Begin your copy at the line with "В номере не" in the records below and end it at the line with "L’Hyrox est une", restating each line word for word; omit the pictures.

**SUPPLIED ENTRIES:**
---*---
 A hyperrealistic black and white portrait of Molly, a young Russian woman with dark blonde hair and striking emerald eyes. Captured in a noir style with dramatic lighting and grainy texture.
---*---
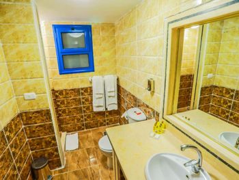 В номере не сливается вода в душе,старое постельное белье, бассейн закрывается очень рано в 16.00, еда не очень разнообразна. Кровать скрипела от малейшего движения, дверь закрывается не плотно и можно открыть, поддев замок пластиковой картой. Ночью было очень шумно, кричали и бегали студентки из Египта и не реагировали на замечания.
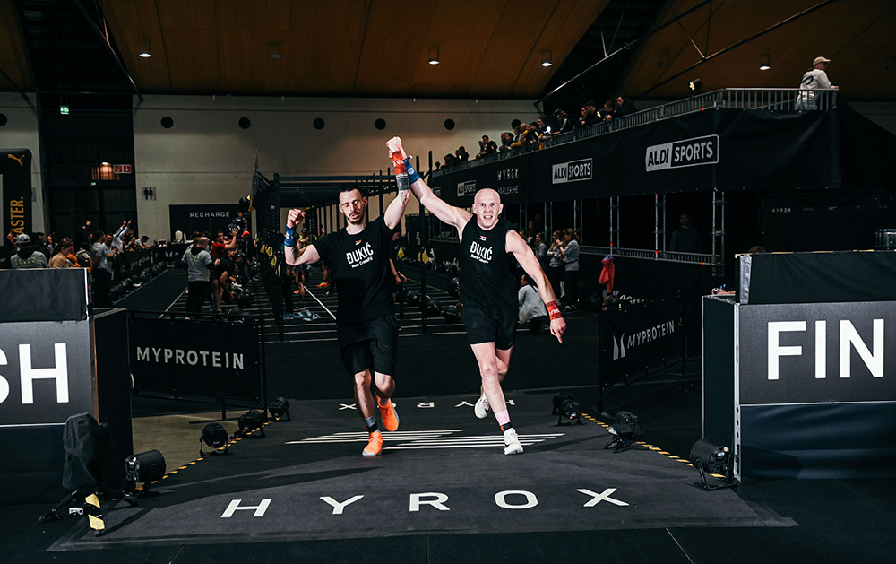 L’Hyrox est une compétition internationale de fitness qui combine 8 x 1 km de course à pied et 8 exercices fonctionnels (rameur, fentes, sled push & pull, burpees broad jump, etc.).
---*---
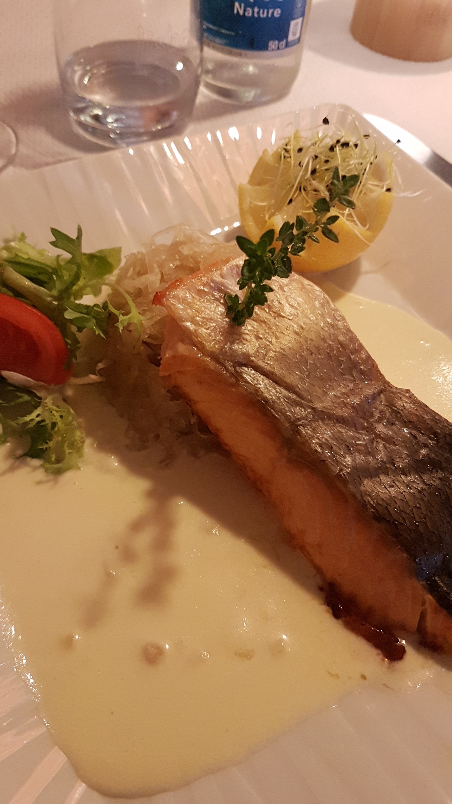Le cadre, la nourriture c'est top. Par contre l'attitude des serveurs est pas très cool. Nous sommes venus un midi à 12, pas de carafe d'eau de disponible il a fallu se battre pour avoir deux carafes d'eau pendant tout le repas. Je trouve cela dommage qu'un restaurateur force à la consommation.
---*---
**COMPLETED EXERCISE:**
 В номере не сливается вода в душе,старое постельное белье, бассейн закрывается очень рано в 16.00, еда не очень разнообразна. Кровать скрипела от малейшего движения, дверь закрывается не плотно и можно открыть, поддев замок пластиковой картой. Ночью было очень шумно, кричали и бегали студентки из Египта и не реагировали на замечания.
 L’Hyrox est une compétition internationale de fitness qui combine 8 x 1 km de course à pied et 8 exercices fonctionnels (rameur, fentes, sled push & pull, burpees broad jump, etc.).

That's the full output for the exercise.